To establish its own BFPP status independently of the landlord, a tenant must likewise meet all the criteria, including the completion of an AAI Environmental Assessment prior to signing the lease. The “no-affiliation” condition could be problematic, however. Where the landlord is potentially liable for cleanup costs, the lease is a contractual affiliation with a potentially responsible party and, as such, could represent a disqualifying affiliation. Strictly speaking, a lease may not fit within the exception for “instruments by which title to the facility is conveyed or financed or . . . a contract for the sale of goods or services.” CERCLA § 101(40)(H)(i)(II). EPA’s new guidance provides some comfort, however. It assures tenants of the Agency’s intent “to exercise its enforcement discretion on a site-specific basis by not treating the existence of a lease between the tenant and the owner as a prohibited affiliation.” Tenant BFPP Guidance, p. 4. The guidance also equates the date of the lease with the date of acquisition for purposes of satisfying the pre-acquisition disposal and AAI requirements.

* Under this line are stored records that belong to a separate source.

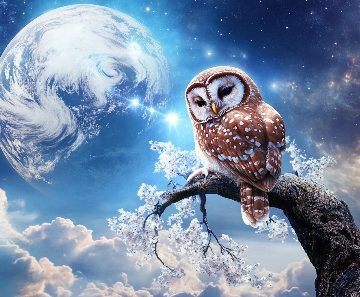 Создано на основе запроса: the stars are projectors of fiber optic floral owls projecting their lives down to this planet earth
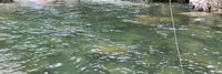 | 4日目。 本流は怒涛の流れで太刀打ちできず、支流へ逃げる。 ここだって本来はチョロチョロの流れなのだが、岸からボーっと眺めていると 開きでライズが発生。 |
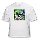 - Summer Garden With Delphiniums And Roses T-Shirt is commercial quality high resolution heat transfers garment. 5.6-ounce, 50-50 cotton-poly; taped shoulder to shoulder, coverseamed ribbed collar, double-needle sleeve and bottom hem. Toddler and infant t-shirts are 4.1-ounce. 100% ring spun combed cotton. Our image transfer produces professional matte finish with Premium Quality and Superior image resolution. Colors do not bleed and the image is sharp and crisp. Available in white, gray, blue and pink. Washing Instructions: 1. Turn Garment inside-out and machine wash in cold water. 2. Do not use Bleach or Fabric Softener. 3. Detergents with bleach additives are not recommended. 4. Tumble Dry on Warm. 5. Do not Iron. Do not Dry clean.
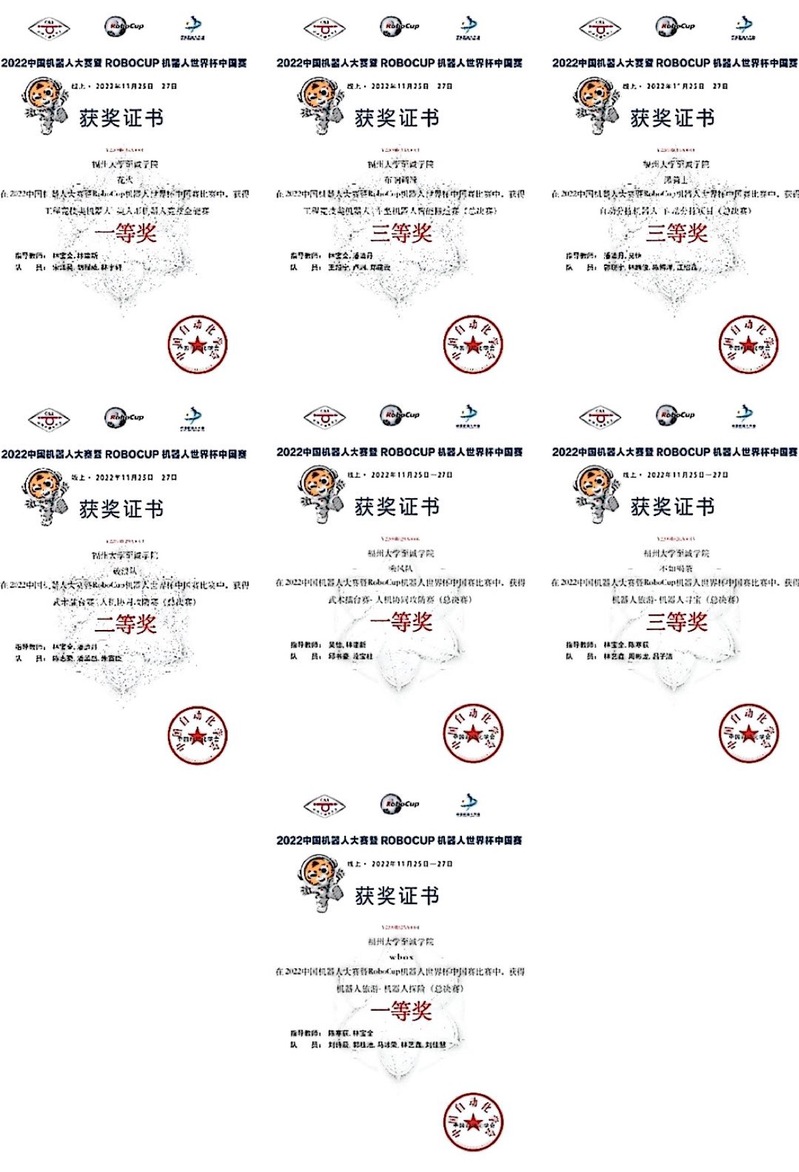 近日,由自动化学会主办的2022中国机器人大赛暨RoboCup机器人世界杯中国赛获奖名单揭晓。杏吧原创 电气工程系青年学子发扬拼搏精神,在比赛中表现出色,获得一等奖3项、二等奖1项、三等奖3项。其中,工程竞技类机器人-类人形机器人竞技全能赛夺得项目冠军。

As is usual with such enforcement guidance, the Tenant BFPP Guidance creates no rights to have EPA favorably exercise its enforcement discretion in a particular case. The Agency reserves the right to decline to exercise discretion where the lease seeks to enable the landowner to avoid CERCLA liability, where the tenant was involved in disposal at the site, or where the owner is not in compliance with regulatory requirements or orders. And EPA generally will not become involved with specific lease transactions or entertain requests for advance BFPP determinations. In some limited circumstances, however, it may consider a comfort letter or prospective lessee agreement in order to further the public interest.
Conclusion
EPA’s new Tenant BFPP Guidance is a welcome expansion of the circumstances in which the Agency may use its enforcement discretion on a case-by-case basis not to pursue tenants on contaminated property. For tenants to benefit from these new terms, however, they must still perform appropriate due diligence prior to signing a lease, at the very least to assure themselves that the landlord completed an AAI Environmental Assessment prior to purchasing the property, and then assure that their landlord maintains compliance with the BFPP criteria thereafter. Alternatively, they must themselves satisfy both the AAI and the post-acquisition requirements. Even then, EPA’s favorable exercise of enforcement discretion affords no protection against third-party lawsuits for contribution. Nevertheless, the tenant that has complied with the BFPP elements as set forth in this Guidance will likely have a strong case against liability.